_What is being asked_. When you reach the line containing "Aufgeräumt und übersichtlich: Neu", begin reproducing the material exactly, stop after the line containing "စီမံခန့်ခွဲမှုများကို ဖြည့်ဆည်းပေးမည်ဖြစ်ကြောင်း သည်။", and leave out any pictures along the way.

_Working data_.
= = =
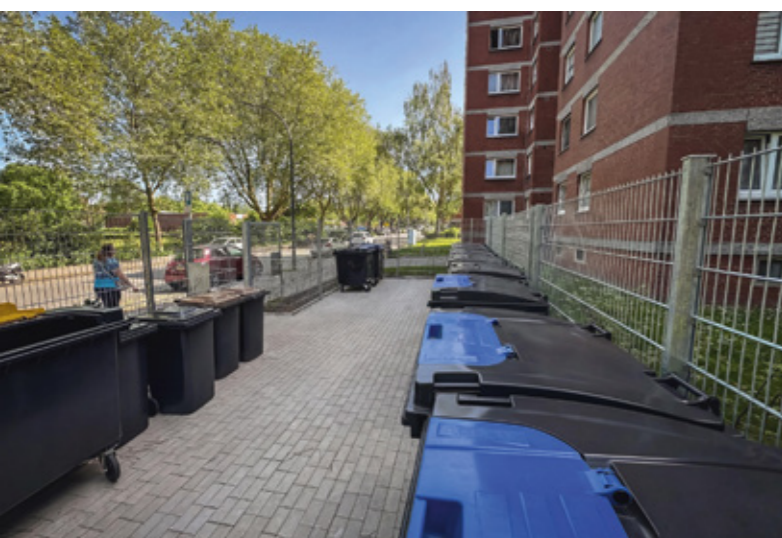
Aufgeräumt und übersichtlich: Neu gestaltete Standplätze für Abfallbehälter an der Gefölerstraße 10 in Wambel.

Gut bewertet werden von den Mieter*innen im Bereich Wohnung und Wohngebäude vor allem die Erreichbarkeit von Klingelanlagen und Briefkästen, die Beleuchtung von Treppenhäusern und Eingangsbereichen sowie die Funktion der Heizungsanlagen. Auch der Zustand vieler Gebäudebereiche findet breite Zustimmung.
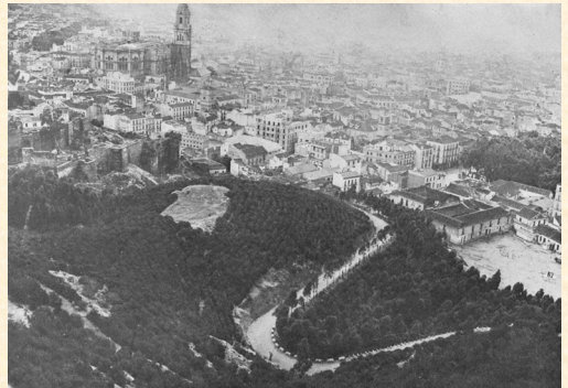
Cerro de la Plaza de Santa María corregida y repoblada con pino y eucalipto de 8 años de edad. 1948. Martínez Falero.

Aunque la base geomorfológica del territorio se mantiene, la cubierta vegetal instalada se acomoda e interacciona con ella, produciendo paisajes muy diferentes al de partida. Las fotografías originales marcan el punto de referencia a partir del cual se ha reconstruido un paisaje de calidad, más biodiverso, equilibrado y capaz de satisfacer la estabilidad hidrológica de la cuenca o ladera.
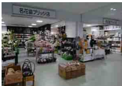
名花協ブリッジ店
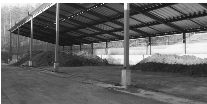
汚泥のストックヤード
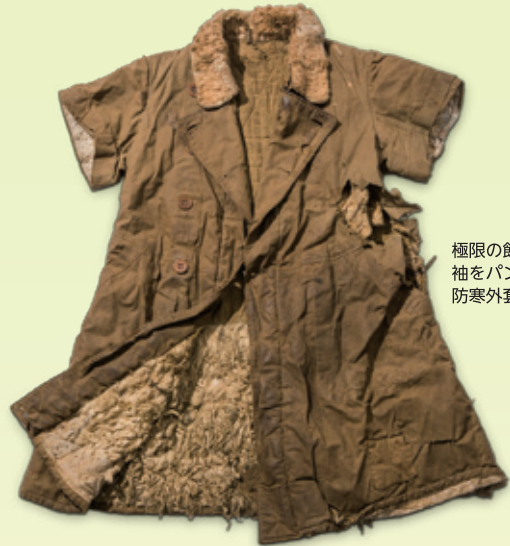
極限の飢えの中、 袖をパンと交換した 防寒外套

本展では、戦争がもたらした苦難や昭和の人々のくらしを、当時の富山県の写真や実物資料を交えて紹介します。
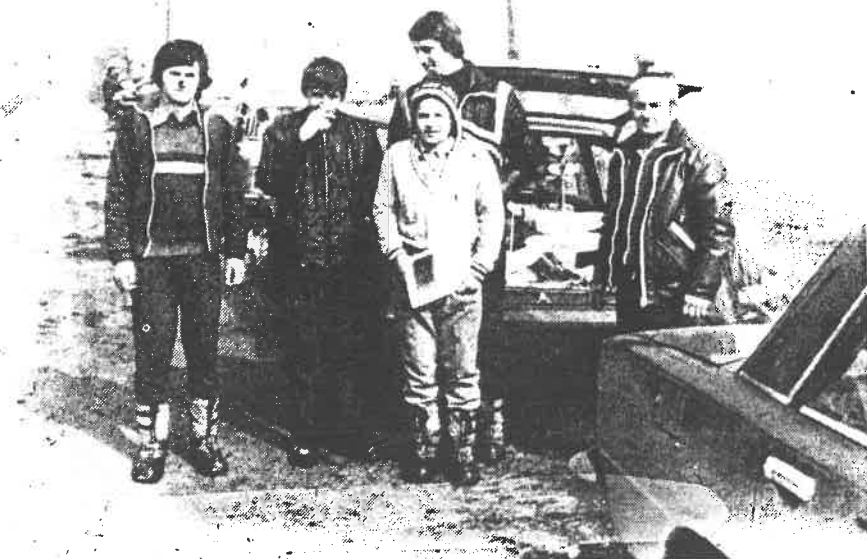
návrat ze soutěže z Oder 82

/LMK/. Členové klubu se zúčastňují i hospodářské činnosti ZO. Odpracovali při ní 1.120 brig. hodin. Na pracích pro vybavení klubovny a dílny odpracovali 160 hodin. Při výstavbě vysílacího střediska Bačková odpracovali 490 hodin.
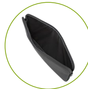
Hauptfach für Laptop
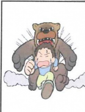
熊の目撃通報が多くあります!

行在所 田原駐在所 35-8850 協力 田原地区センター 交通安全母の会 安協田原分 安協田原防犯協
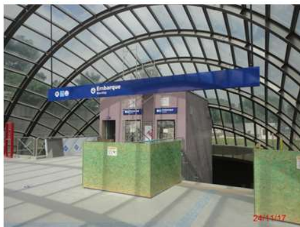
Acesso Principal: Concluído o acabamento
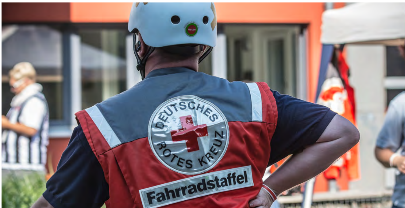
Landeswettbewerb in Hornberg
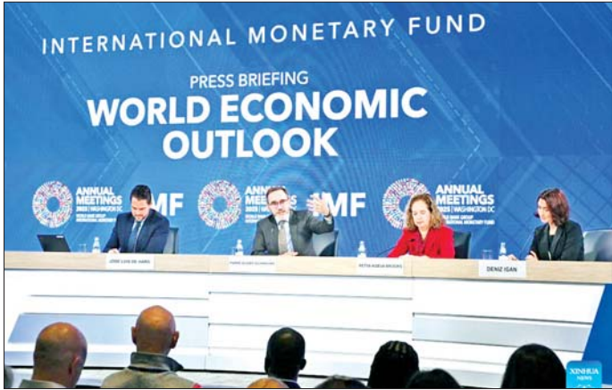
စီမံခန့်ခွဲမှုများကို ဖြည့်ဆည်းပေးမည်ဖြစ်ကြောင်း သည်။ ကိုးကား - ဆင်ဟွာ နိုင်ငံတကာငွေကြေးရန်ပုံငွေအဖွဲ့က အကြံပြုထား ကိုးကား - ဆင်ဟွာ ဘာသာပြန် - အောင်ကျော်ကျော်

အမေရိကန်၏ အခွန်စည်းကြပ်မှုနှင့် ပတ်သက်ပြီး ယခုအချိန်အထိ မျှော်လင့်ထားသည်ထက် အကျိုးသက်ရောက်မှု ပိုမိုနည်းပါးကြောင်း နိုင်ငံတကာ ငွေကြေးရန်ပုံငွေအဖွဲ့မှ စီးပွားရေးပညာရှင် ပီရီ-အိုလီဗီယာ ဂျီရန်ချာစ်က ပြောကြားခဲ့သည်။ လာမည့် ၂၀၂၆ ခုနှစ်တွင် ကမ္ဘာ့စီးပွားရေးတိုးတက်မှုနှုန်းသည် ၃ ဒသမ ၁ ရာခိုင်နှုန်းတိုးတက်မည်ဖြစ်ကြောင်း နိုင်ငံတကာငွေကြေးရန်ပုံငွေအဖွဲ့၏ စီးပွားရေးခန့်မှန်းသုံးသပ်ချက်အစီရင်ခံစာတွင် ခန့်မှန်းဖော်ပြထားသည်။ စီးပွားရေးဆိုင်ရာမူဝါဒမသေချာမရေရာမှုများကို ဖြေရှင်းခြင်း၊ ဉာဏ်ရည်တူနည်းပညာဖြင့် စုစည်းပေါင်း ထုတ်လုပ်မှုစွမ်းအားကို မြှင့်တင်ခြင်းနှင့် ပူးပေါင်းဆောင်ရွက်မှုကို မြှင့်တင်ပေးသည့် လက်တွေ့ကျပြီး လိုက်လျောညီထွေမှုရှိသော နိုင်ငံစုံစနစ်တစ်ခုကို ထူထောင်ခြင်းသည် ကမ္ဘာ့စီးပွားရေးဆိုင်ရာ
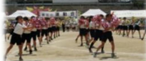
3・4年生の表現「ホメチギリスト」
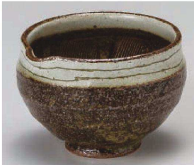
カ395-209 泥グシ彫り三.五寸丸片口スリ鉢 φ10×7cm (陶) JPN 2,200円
= = =
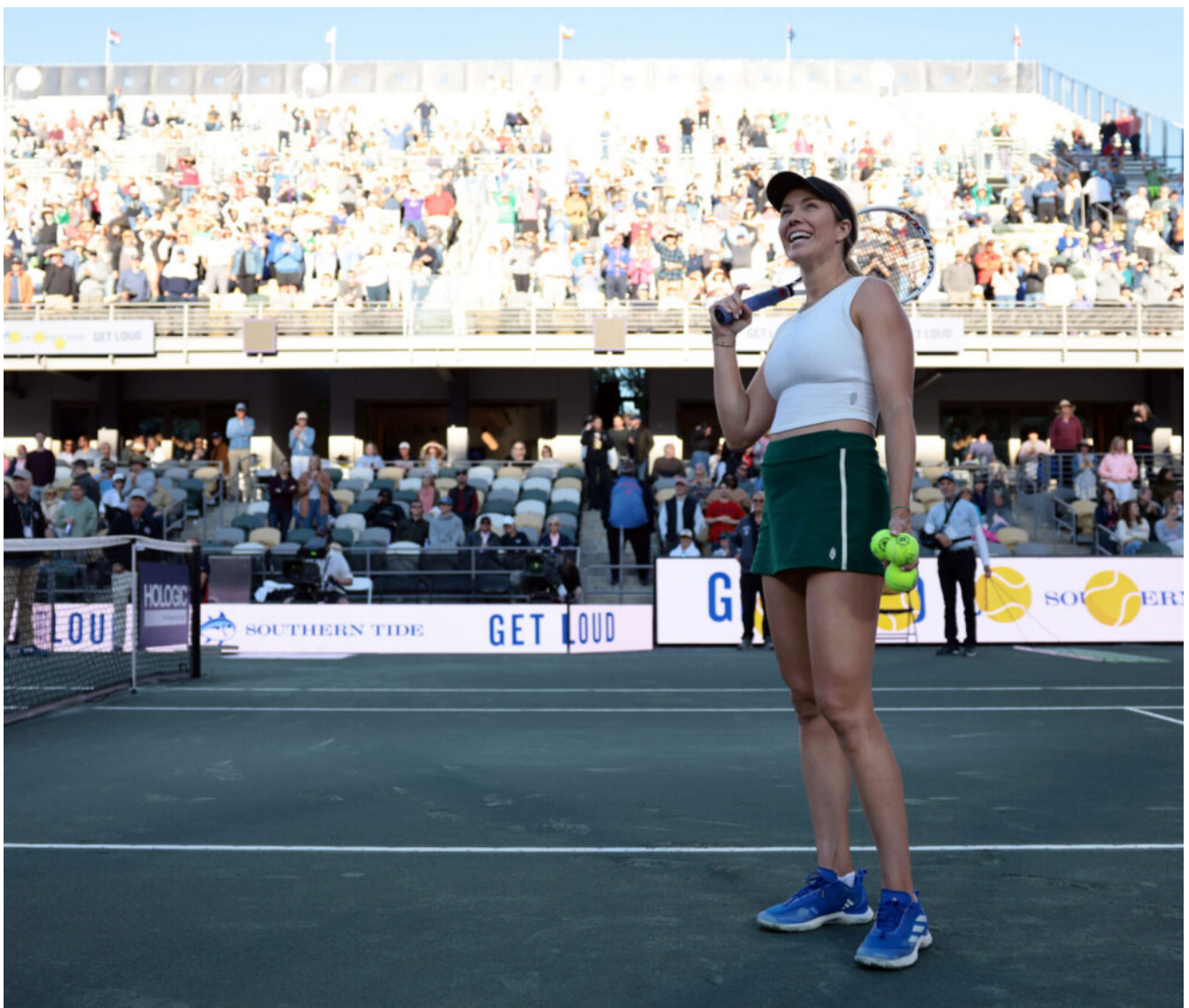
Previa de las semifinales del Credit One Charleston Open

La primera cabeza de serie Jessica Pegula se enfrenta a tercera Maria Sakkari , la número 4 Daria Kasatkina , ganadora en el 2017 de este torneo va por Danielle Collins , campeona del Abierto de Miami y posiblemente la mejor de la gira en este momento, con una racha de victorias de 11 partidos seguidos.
= = =
_Result for this task_.
Aufgeräumt und übersichtlich: Neu gestaltete Standplätze für Abfallbehälter an der Gefölerstraße 10 in Wambel.

Gut bewertet werden von den Mieter*innen im Bereich Wohnung und Wohngebäude vor allem die Erreichbarkeit von Klingelanlagen und Briefkästen, die Beleuchtung von Treppenhäusern und Eingangsbereichen sowie die Funktion der Heizungsanlagen. Auch der Zustand vieler Gebäudebereiche findet breite Zustimmung.
Cerro de la Plaza de Santa María corregida y repoblada con pino y eucalipto de 8 años de edad. 1948. Martínez Falero.

Aunque la base geomorfológica del territorio se mantiene, la cubierta vegetal instalada se acomoda e interacciona con ella, produciendo paisajes muy diferentes al de partida. Las fotografías originales marcan el punto de referencia a partir del cual se ha reconstruido un paisaje de calidad, más biodiverso, equilibrado y capaz de satisfacer la estabilidad hidrológica de la cuenca o ladera.
名花協ブリッジ店
汚泥のストックヤード
極限の飢えの中、 袖をパンと交換した 防寒外套

本展では、戦争がもたらした苦難や昭和の人々のくらしを、当時の富山県の写真や実物資料を交えて紹介します。
návrat ze soutěže z Oder 82

/LMK/. Členové klubu se zúčastňují i hospodářské činnosti ZO. Odpracovali při ní 1.120 brig. hodin. Na pracích pro vybavení klubovny a dílny odpracovali 160 hodin. Při výstavbě vysílacího střediska Bačková odpracovali 490 hodin.
Hauptfach für Laptop
熊の目撃通報が多くあります!

行在所 田原駐在所 35-8850 協力 田原地区センター 交通安全母の会 安協田原分 安協田原防犯協
Acesso Principal: Concluído o acabamento
Landeswettbewerb in Hornberg
စီမံခန့်ခွဲမှုများကို ဖြည့်ဆည်းပေးမည်ဖြစ်ကြောင်း သည်။ ကိုးကား - ဆင်ဟွာ နိုင်ငံတကာငွေကြေးရန်ပုံငွေအဖွဲ့က အကြံပြုထား ကိုးကား - ဆင်ဟွာ ဘာသာပြန် - အောင်ကျော်ကျော်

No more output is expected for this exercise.